OE, also known as Anglo-Saxon, was much more of an inflected language than that of today. Many of the inflections were lost in the late OE and Middle English periods, probably due to the influence of the Danes and the French. OE is normally divided into the convenient dialect areas of West Saxon, Kentish, Northumbrian and Mercian (see Baugh & Cable: p52); many of today's British accents are testimony to this dialectal period. Most of the corpus of extant OE texts are later West Saxon in origin. After his defeat of the Vikings, Alfred the Great, King of Wessex, instigated a resurgence of West Saxon literacy. OE was not insular, however; Anglo-Saxon missionaries spread English influence around Europe, particularly in Germany.

The earliest English writing is found in runic manuscripts. Runes were common throughout Germanic Europe, and the most weel-known English runes are to be found on the Frank's Casket and the Ruthwell Cross. The latin script was later adopted, though certain runic characters such as thorn (þ) were kept.
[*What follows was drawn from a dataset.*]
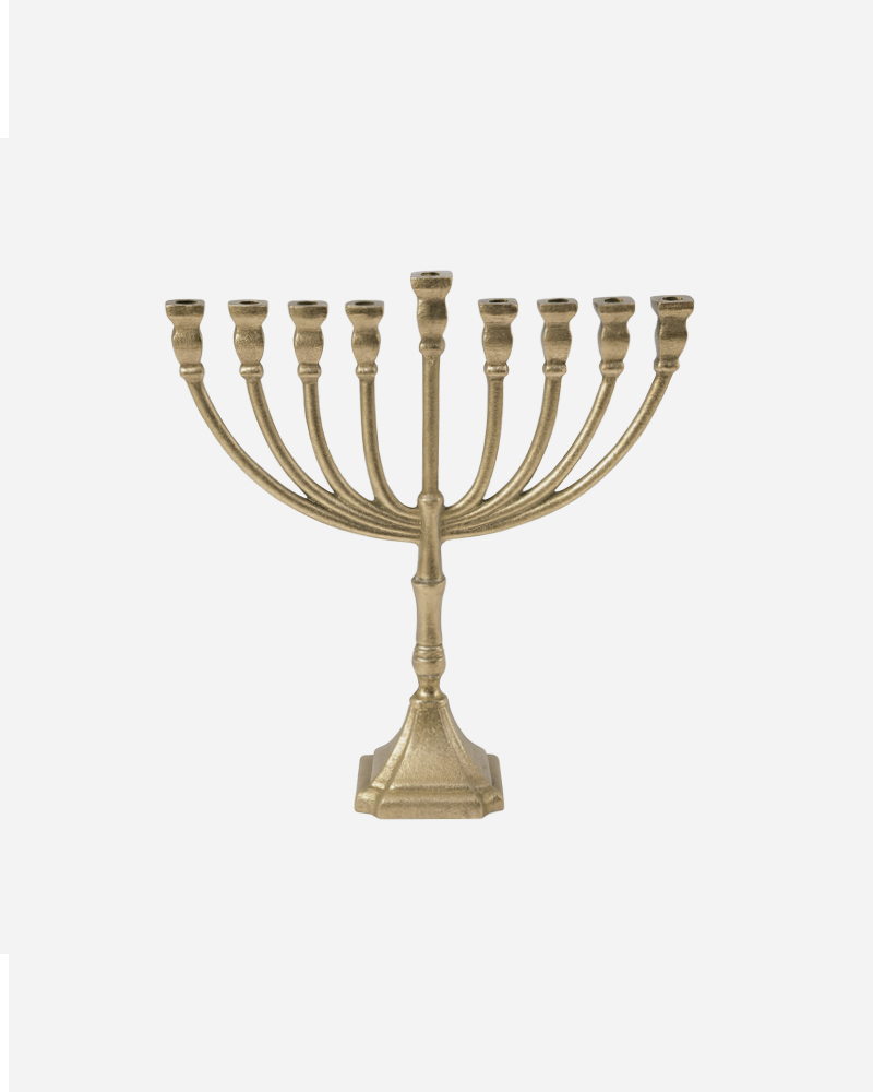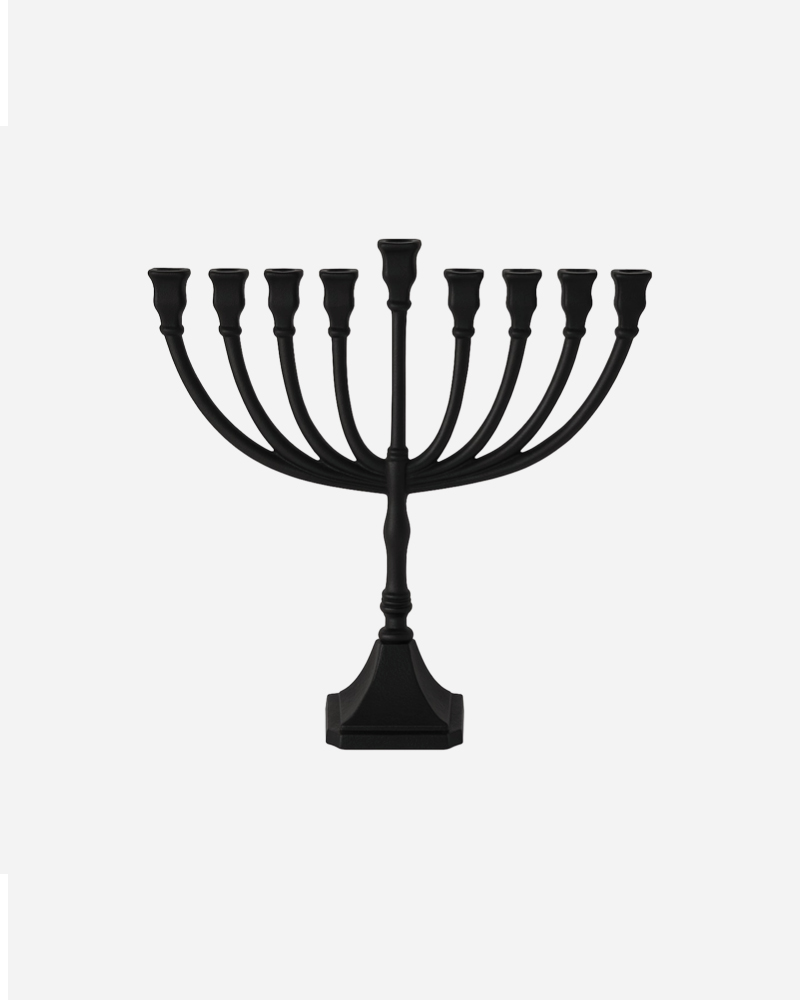 חנוכייה קלאסית בעיצוב אלגנטי, עשויה מתכת בגוון זהב /שחור עם גימור מטאלי עדין.

Without a doubt the most famous OE poem is Beowulf, the first great heroic epic in English. Written in the traditional alliterative style, Beowulf is set in pre-migration, pre-Christian Scandinavia, and promotes values of courage, heroism and loyalty as well as painting a picture of the early-Germanic mead-hall culture.

examples of old english

Ða com of more under misthleoþum
Grendel gongan. Godes yrre bær.
Mynte se manscaða manna cynnes
Sumne besyrwan in sele þam hean.
From 'Beowulf', lines 710-713 (c.8th C, WSaxon) (Translation: 'Then from the moor under the misty slopes came Grendel advancing. He bore God's anger. The evil ravager intended to ensnare one of the race of men in that lofty hall.' E. Treharne: 2004)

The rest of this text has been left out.